11. The camera module of claim 1, wherein the lens barrel comprises a cylinder and a flange extending radially inward from one end of the cylinder, the flange defining an aperture at a central portion thereof, the optical portion of the lens aligned with the aperture of the flange.

12. A camera module, comprising:

a lens barrel comprising a cylinder and a flange extending radially inward from one end of the cylinder, the flange defining an aperture at a central portion thereof; and

a lens received in the lens barrel and comprising an optical portion located at a center thereof and a fixing portion around the optical portion, an outside peripheral surface of the fixing portion of the lens shaped with a plurality of protrusions, surfaces of the protrusions being slanted relative to an optical axis of the lens barrel; and

wherein when light from an outside of the lens barrel enters the aperture and the optical portion of the lens, a portion of the light in the optical portion is reflected by the lens to the outside peripheral surface of the fixing portion, and the protrusions are shaped to reduce incident angles of the reflected light reaching the outside peripheral surface to facilitate at least some of the reflected light reaching the outside peripheral surface to pass through the protrusions to an outside of the lens.

13. The camera module of claim 12, wherein each of the protrusions comprises a first angled surface oriented at an oblique angle with respect to the optical axis and a second angled surface oriented at an oblique angle with respect to the optical axis and intersecting the first angled surface, with an angle formed between the first angled surface and the second angled surface in the range from 1° to 179°.

14. The camera module of claim 13, wherein the cylinder comprises a black inner surface around and facing the lens, the angles of the protrusions abutting the inner surface of the cylinder.
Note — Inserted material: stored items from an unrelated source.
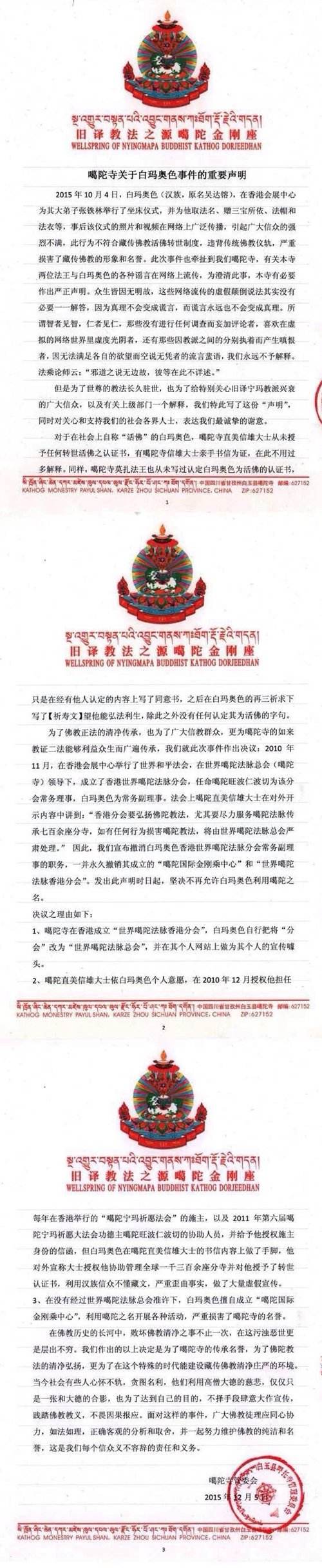 噶陀寺决定,“撤销白玛奥色‘香港世界噶陀法脉分会’常务副理事职务,一并永久撤销其成立的‘世界噶陀法脉香港分会’、‘噶陀国际金刚乘中心’。发出此声明时日起,坚决不再允许白玛奥色利用噶陀之名。”
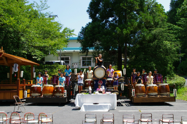 | 2012/07/28 山車の安全祈願、打吹まつり成功祈願祭をしました。 向山新鮮組と合同で、山車の安全祈願と打吹まつりの成功祈願をしました。 太鼓山車「鼓魂号」「祭囃子号」の完成に合わせて、「日野号」、「田中号」も含めて、安全祈願を八幡神社の宮司さんによる神事を行いました。 真夏日よりの中、一台ずつ丁寧に清めていただきました。 神事の後は、打吹まつりに向けての決起大会をしました。 向山新鮮組隊長の松本さんの音頭で乾杯。 その後、打吹童子ばやしの子ども達によるMATSURIの演奏をし、坂井かんな副リーダーが打吹まつりに向けての決意を述べました。 「たくさんの方に元気をあげるような演奏をしましょう。そして思いっきり祭りを楽しみましょう。」 |
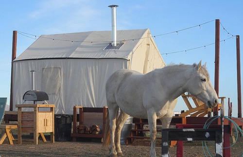 The tent is spacious enough to stand, stretch, and truly unwind. Inside, you'll find a real queen-size bed with fresh linens, extra pillows, a cowhide blanket for chilly nights, propane heater, wood furnace and solar-powered lighting for cozy evenings.

15. The camera module of claim 12, wherein the optical portion of the lens comprises a light incident surface and a light emitting surface at two opposite sides thereof, the outside peripheral surface of the fixing portion comprising an object-side surface extending outwardly from the light incident surface, an image-side surface extending outwardly from the light emitting surface and a periphery side surface between the object-side surface and the image-side surface, the protrusions formed at the side surface.

16. The camera module of claim 15, wherein a plurality of protrusions is formed at the object-side surface, a plurality of protrusions is formed at the image-side surface, surfaces of the protrusions at the object-side surface are slanted relative to the optical axis, and surfaces of the protrusions at the image-side surface are slanted relative to the optical axis.

17. The camera module of claim 12, further comprising two other lenses received in the lens barrel and sandwiching the lens therebetween, with all the lenses aligned with an optical axis of the camera module.

18. The camera module of claim 12, further comprising two other lenses received in the lens barrel and sandwiching the lens therebetween, each of the other lenses comprising an optical portion located at a center thereof and a fixing portion around the optical portion, an outside peripheral surface of the fixing portion of one of the other lenses having a plurality of protrusions formed thereat, and surfaces of the protrusions of said one of the other lenses being slanted relative to the optical axis.